ノマドランド (2020)

製作国:アメリ
監督:クロエ・ジャオ
原作:ジェシカ・ブルーダー 『ノマド:漂流する高齢労働者たち』(春秋社刊)
脚本:クロエ・ジャオ
音楽:ルドヴィコ・エイナウディ
出演:フランシス・マクドーマンドデヴィッド・ストラザーン/リンダ・メイ/ボブ・ウェルズ 他
★★★★☆


林の中の象のように

昨日のバイト中、あまりにもヒマだったので目についたネット記事をひたすら斜め読みしていたら「ギリギリの車上生活をする非正規40代~」とかいう見出しの記事を見つけました。配信元は、いまや貧困コンテンツと言えばこの雑誌、という感じになっている『SPA!』。見出しも内容もツラいんですが、自分もまあまあの貧民なんで、この手の記事はつい気になって読んでしまう。「家賃を払うことさえできない貧困者にとっては、車上生活こそ最後の砦だ」ですってよ。この記事の取材対象の人に「いやー、ノマドですね!最先端ですね!」などと言おうものなら、その場で刺されても文句は言えないと思う。
というわけで『ノマドランド』なんですが、観た直後こそ、すごく良かったなコレと思い、ツイッターでも「本年度暫定ベスト1」などと呟きましたが、本作は観る人によっては、これは決して手放しでは褒められないなあと思わせる作品だとも思います。
なぜなら、本作の主要な登場人物は「ノマド」と自称してはいても実質的には上記の『SPA!』の記事の人と変わらない「ホームレス」状態じゃないかという見方もできるからです。しかも本作には、原作に登場する、実際にノマド生活を送っている人々が本人役で多数出演しているという事情もあり、この人たちをいかにも最先端のライフスタイルの実践者のように描くのはいかがなものか?という批判が生じても仕方がない。
この点については、ホームレス状態にある人の、他にやりようがないからやむを得ずやっている生活上の工夫や助け合いを「異文化」などともてはやすのと同様に、ノマドの車上生活をいかにも「理想的なライフスタイル」として美化して描いていたら問題ですが、そうなってはいないと個人的には思っています。

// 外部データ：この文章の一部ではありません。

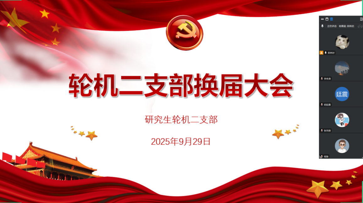 2025年9月29日,bet9九州 研究生轮机二支部于线上开展“弘扬抗战精神,厚植爱国情怀”支部主题党日活动暨2025-2026学年支部换届大会,会议由支部副书记吴林封同志主持,全体党员参与本次会议。

確かに「ノマドの生活はすばらしい!」的なことをノマドのワークショップの参加者たちが口々に言うシーンがあったりもしますが「車が故障したらどうするのか」とか「トイレはどうするのか」といった車上生活ならではの切実な問題や、生活のためにAmazonの倉庫や国立公園のキャンプ場などを転々としながら働かなければならないというしょっぱい部分もきちんと描かれており、決して「ノマドプロパガンダ・フィルム」にはなっていない。でも、そのようには評価しないという人もいるだろうなと思います
しかし、僕がこの作品をそれでも傑作だと思うのは、主人公のファーン(フランシス・マクドーマンド)が、ある人物からの「一緒に暮らそう」というありがたい申し出を結局は断ったあとに獲得する、何かがごっそりと削ぎ落されたような表情を非常に魅力的に感じるからです。「ノマド」でも「ホームレス」でもなく、言ってみれば「修行僧」のような表情。『イノセンス』(2004/押井守)の劇中で引用された「孤独に歩め、悪をなさず、求める所は少なく、林の中の象のように」という『法句経』の一節のように世俗のしがらみから解放され、自然の中を歩み続ける聖者のようにも見える。貧困やら絶望やらをすべて突き抜けて「向こう側」に達してしまっているように思えて、憧れる一方で遠ざかりたくもなる。そんなアンビバレンツな感情を喚起する彼女の描き方にどうにも惹かれる自分がいます。